My mind is blank, or so it seems,
Only coming alive within my dreams.
It twists and turns and weaves its way,
Navigating its way to a brand new day.
My deepest thoughts, my biggest fears,
Contained within for all these years.
You're not allowed inside; I won't let you see,
Its access restricted, allowed only by me.
However please be patient and give it time,
Certain things I will share from within my mind.
Some thoughts are dark, some thoughts are deep,
If they stay inside, they're mine to keep.
If I let them out, if I dare to be daring,
My inner self with you I'll be sharing.
I'll let you see what goes on inside,
What makes me laugh, what makes me cry.
What sometimes brings me to my knees,
The pain inside, it makes me weep.
As I grasp for the strength to stand back up,
Though sometimes I find that it's not enough.
I search for courage in things that I have,
Disconnecting from those in which I lack.

Monday, July 26, 2010

A silly poem.

I have started writing poetry.

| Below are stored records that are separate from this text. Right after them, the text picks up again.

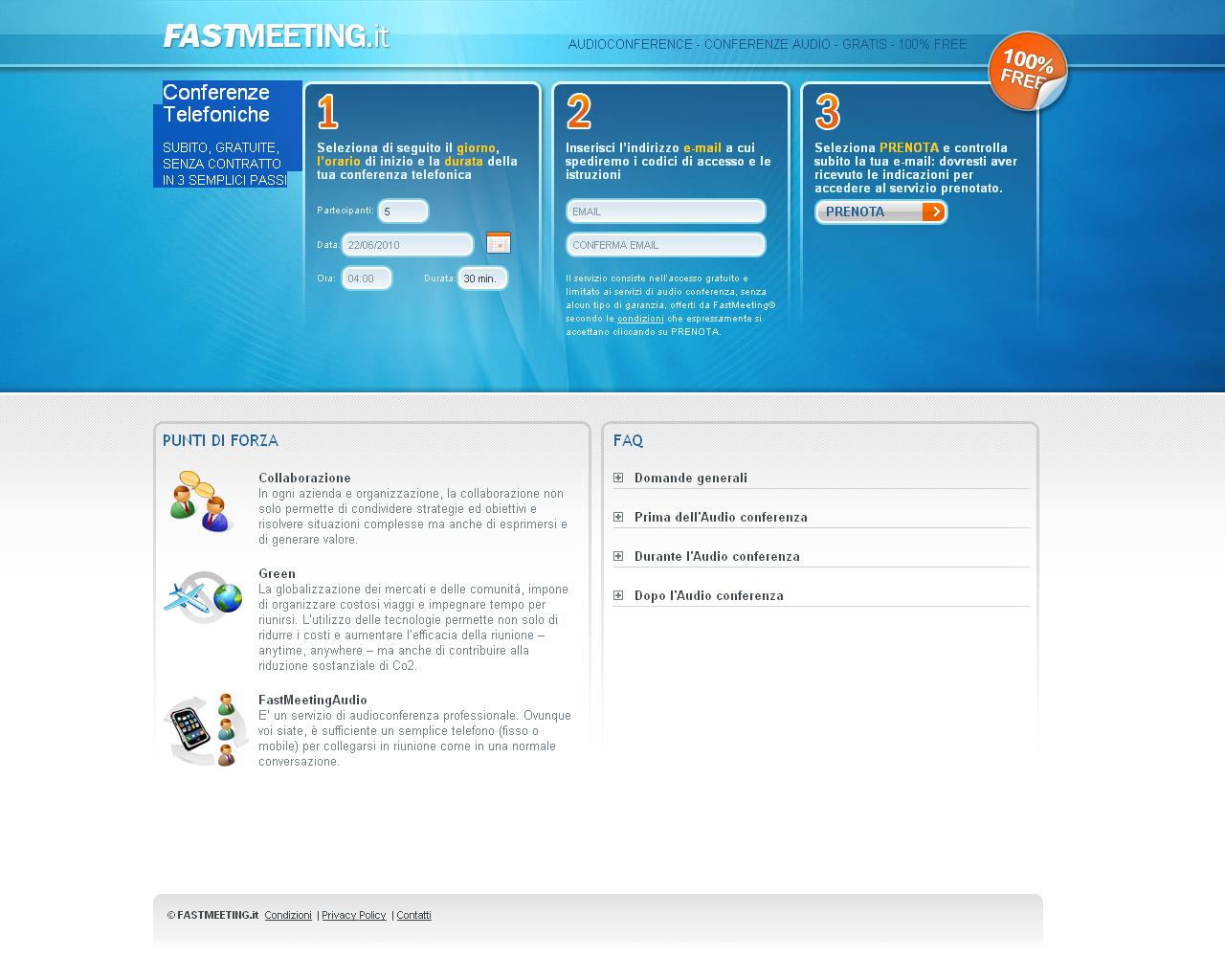 Fastmeeting is an interesting marketing initiative in Italy to promote the technologies and services for remote collaboration. The only cost that all participants must take is to connect a simple telephone number to our systems according to the tariff plan of your service provider.
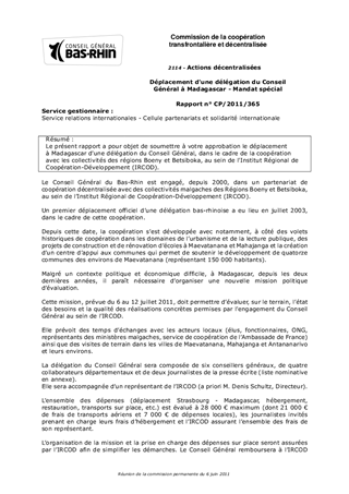 Le présent rapport a pour objet de soumettre à votre approbation le déplacement à Madagascar d'une délégation du Conseil Général, dans le cadre de la coopération avec les collectivités des régions Boeny et Betsiboka, au sein de l'Institut Régional de Coopération-Développement (IRCOD).
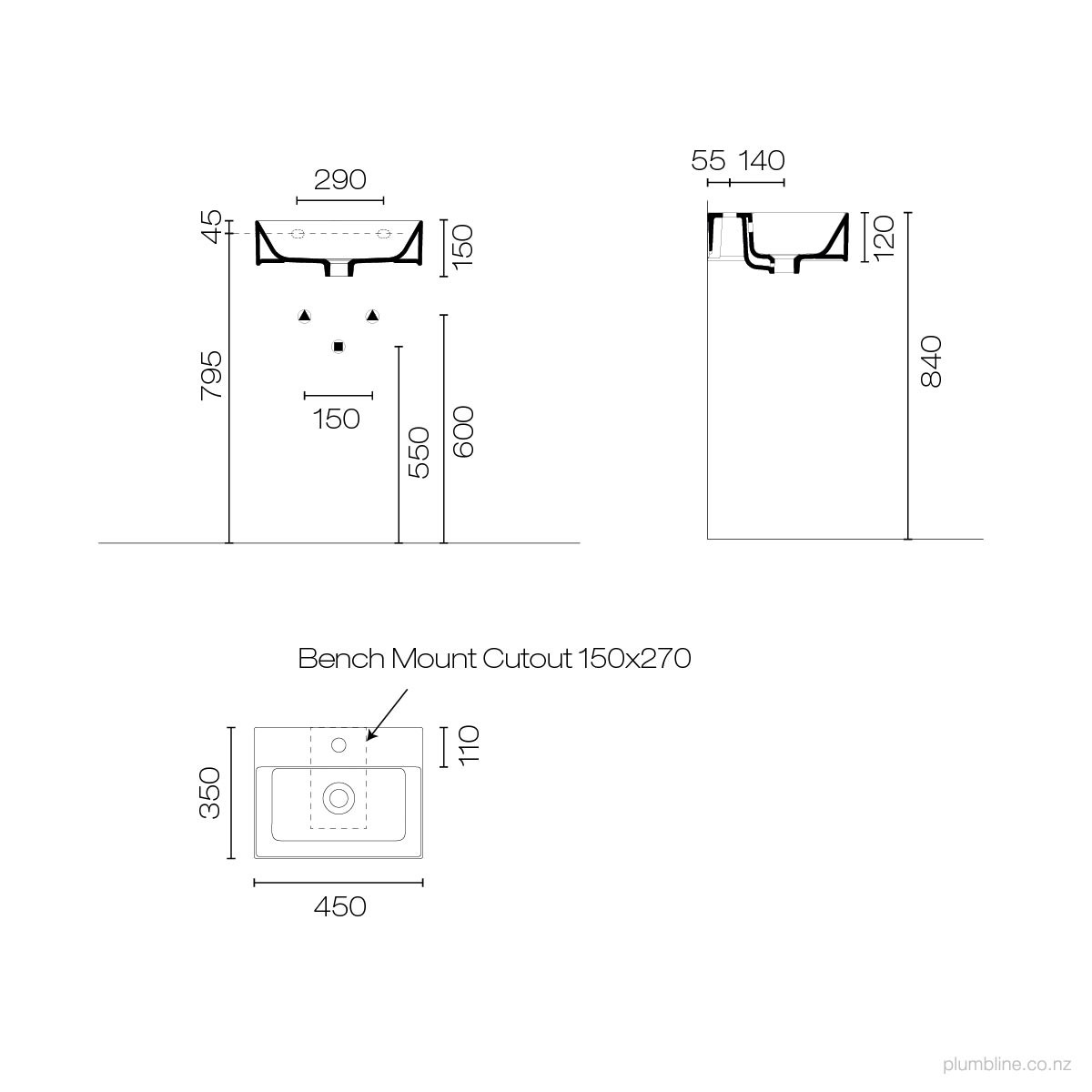 Kube X 450 x 350 Basin Matt White No Taphole
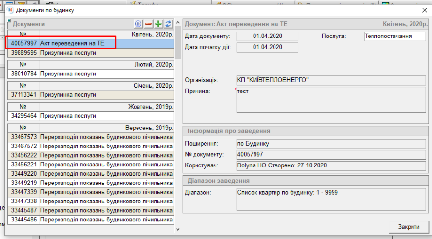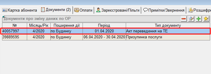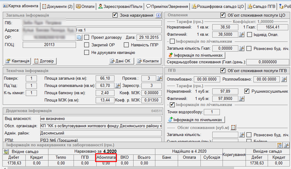 - В сальдо по послугах по ОР з’явиться інформація по послугах: ГВ, ТЕ, Абонплата:
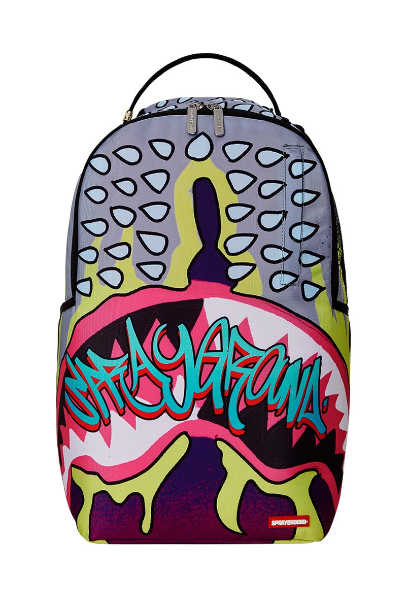 Sprayground backpack with multiple storage compartments, adjustable straps and ergonomic mesh back padding
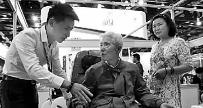 第七屆中國國際養(yǎng)老服務(wù)業(yè)博覽會現(xiàn)場,一款理療設(shè)備吸引了老年觀眾的關(guān)注。新華社發(fā)
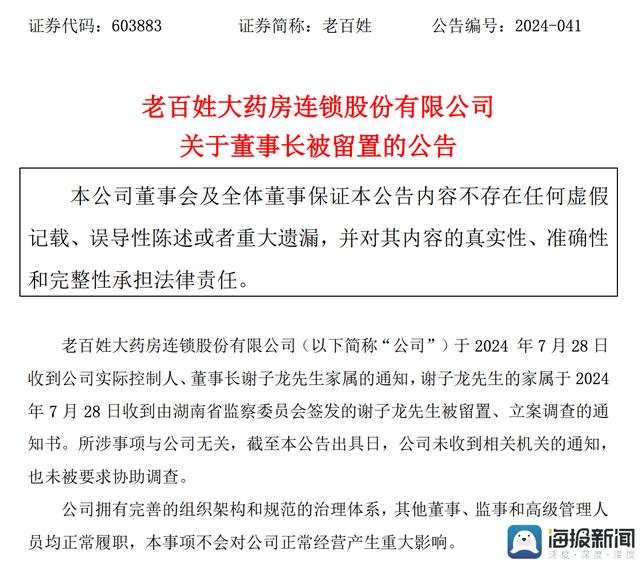 7月30日晚间,老百姓大药房连锁股份有限公司(下称“老百姓大药房”)发布公告称,该公司于2024年7月28日收到公司实际控制人、董事长谢子龙家属通知,家属收到了由湖南省监察委员会签发的谢子龙被留置、立案调查的通知书。
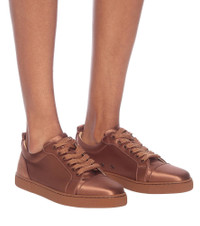 Christian Louboutin can’t help but inflect every silhouette with an elevated sense of luxury – and the Louis Junior sneakers are a case in point. Made in Italy from brown silk satin, they’re modeled on a traditional tennis-shoe silhouette, yet set on the designer’s signature red-bottom soles. - upper: satin - lining: leather - sole: leather insole, rubber sole - round toe - lace-up - Made in Italy - Designer colour name: Nude 6

Correction. I have started writing. Again. And this time around, it seems I am writing poetry. A lot of it. Along with just my general thoughts and musings of the world in which I (or should that be, 'we') live.

So, I've written a poem. The subject is one you know. Someone you've encountered. More than once. Probably everyday. If not, more than once a day. In my line of work -Customer Service - I'm unfortunate enough to encounter this type of person everyday. Hourly. Heck, even every minute!

They're stupid people.

And they annoy the crap out of me!

From the looks they give you when they don't understand what you say, to the questions they ask and then you can't understand what they say. They exist. Everywhere.

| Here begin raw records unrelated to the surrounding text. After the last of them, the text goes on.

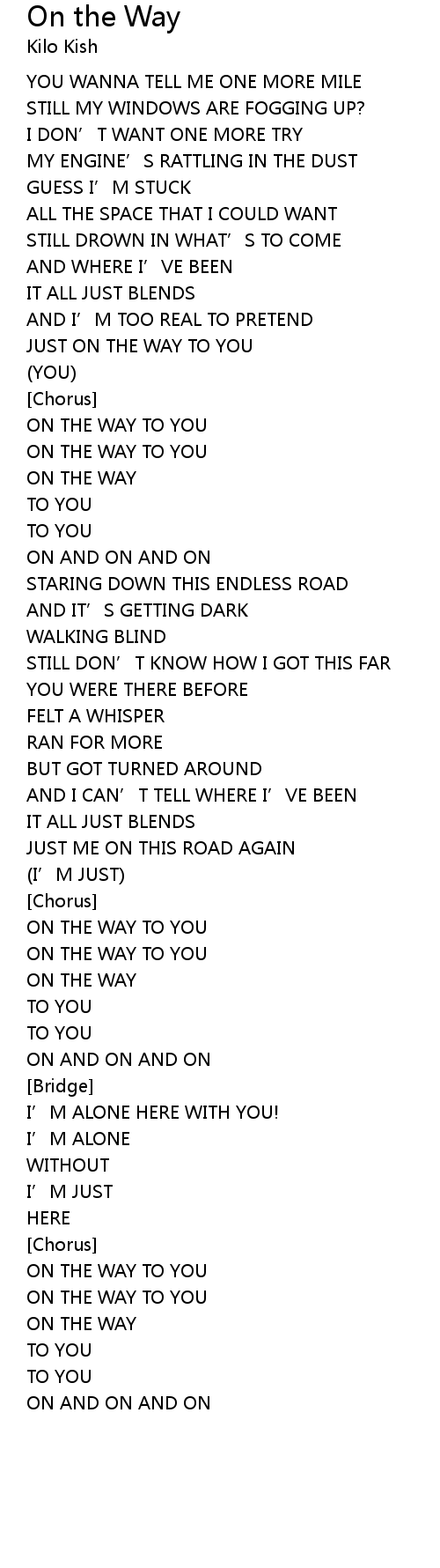 | ON THE WAY TO YOU | |
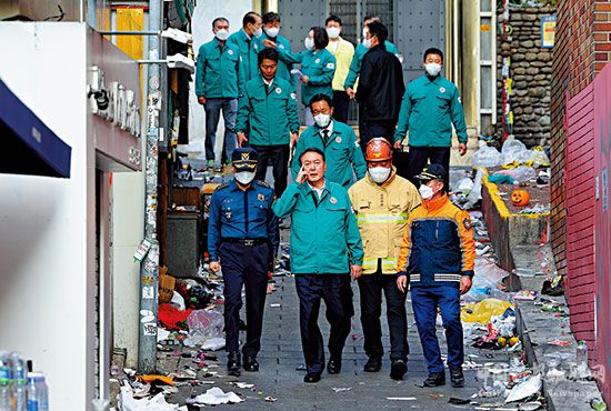 圖:尹錫悅(前排左二)10月30日視察事故現(xiàn)場。/美聯(lián)社
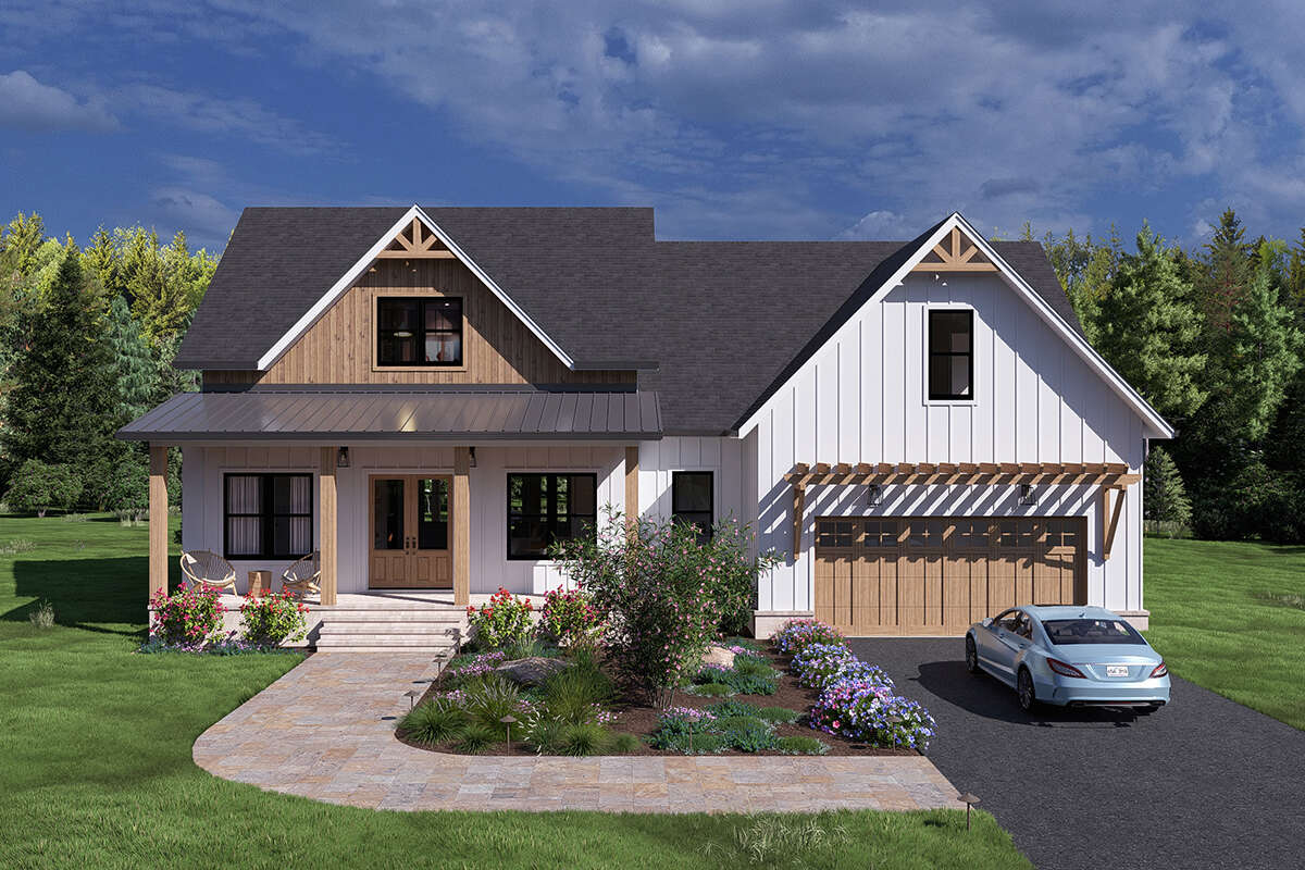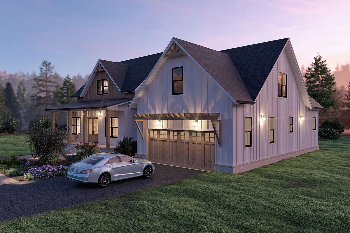 The façade is stylish and balanced: board-and-batten siding, a strong roof pitch (10:12), and crisp windows combine for a modern farmhouse aesthetic. 1 The home spans approximately **64′-2″ in width by 59′ in depth**. 2 The garage is side-entry and covers about **615 sq. ft.** of unheated space. 3

Now, in my line of work, it's a given they'll they'll appear. It's to be expected. That's fine. With 15 years of experience in customer service, I'm used to it by now. But I tell you, after all this time, it still gets frustrating. And I'm often left shaking my head.

On any given shift, I'll get more than my share of stupid people. But the other night, I swear, every single customer was stupid. I'm not even kidding. Believe me, for both our sakes, I wish I was! Every. Single. One.

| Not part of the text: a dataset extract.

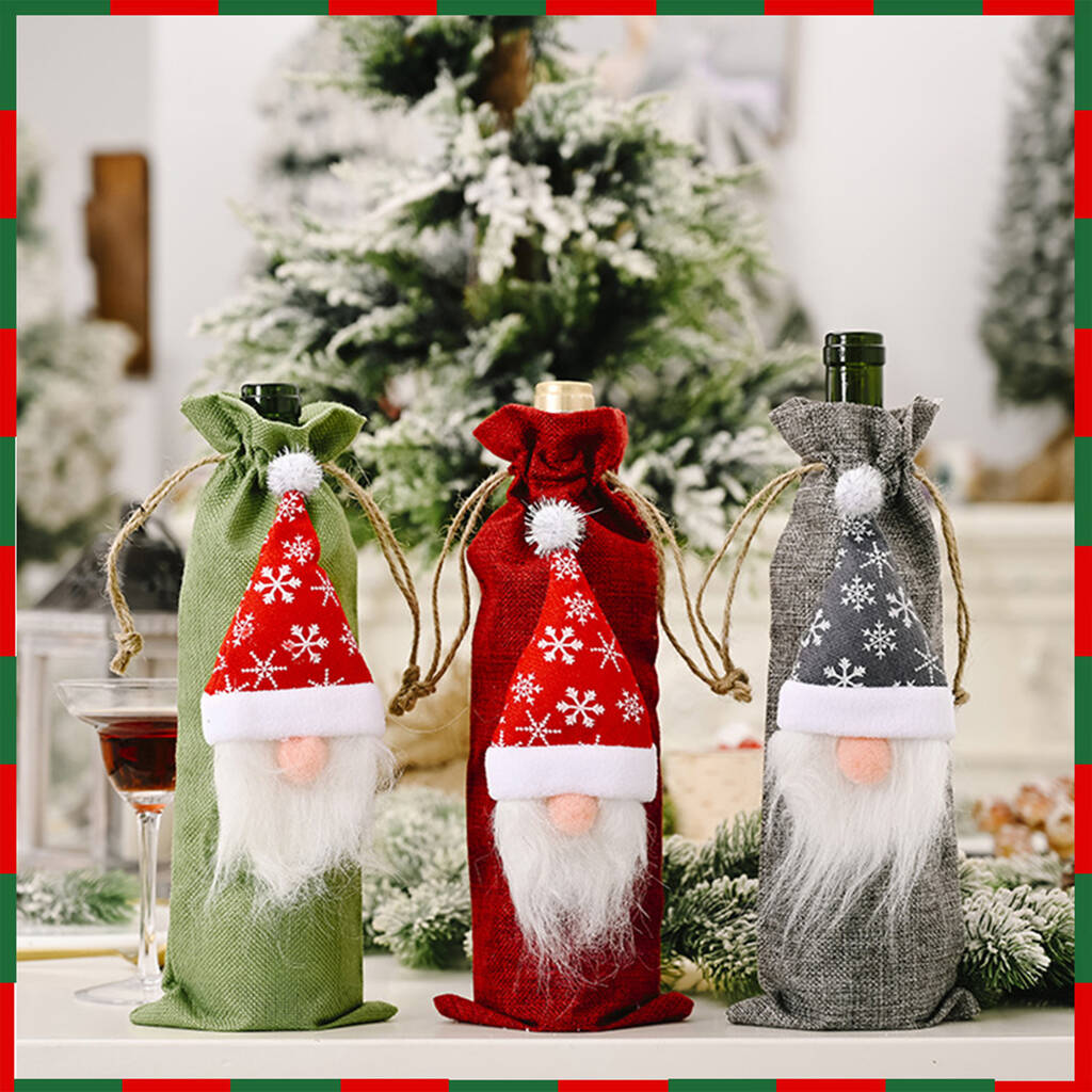 High-quality Christmas wine bottle covers, reusable linen, perfect for gifts, party table decoration, suitable for wine, champagne, treats, and festive celebrations.High-quality Christmas wine bottle covers made from soft, durable, and eco-friendly linen. Non-toxic and odorless, these covers are reusable and easy to wash. Perfect for wrapping wine, champagne, mineral water, cider, olive oil, candies, chocolates, biscuits, and small gifts, letting your creativity shine. Ideal for holiday parties, family dinners, or festive gatherings, they add a warm and cheerful touch to any table. A thoughtful gift for wine lovers, friends, and family, enhancing the Christmas spirit. Easy to use, practical, and stylish, these festive pouches make gift-giving simple, fun, and memorable for everyone.

Now, I've said it before... I'm a pretty cool, calm and collected person, but my, oh my, were they testing my patience last Thursday. I was getting so frustrated it wasn't even funny. So, I had to vent. Below is what I came up with.

One day, I'll put it on a t-shirt. 'Stupid people shouldn't breed. Ever'. But for now, I've written it in this poem...

Hey stupid people, if you stop to see,
You'll realise that you shouldn't breed.
Your stupidity and ignorance,
Are really quite a damn nuisance.
Your confused looks and thoughtless questions,
We wonder why you have children.
So acknowledge what it is to do,
Stop breeding, please, we beg of you!

Monday, July 19, 2010

Can I copyright a quote?

I am in a constant state of confusion, loss and indecisiveness at the moment.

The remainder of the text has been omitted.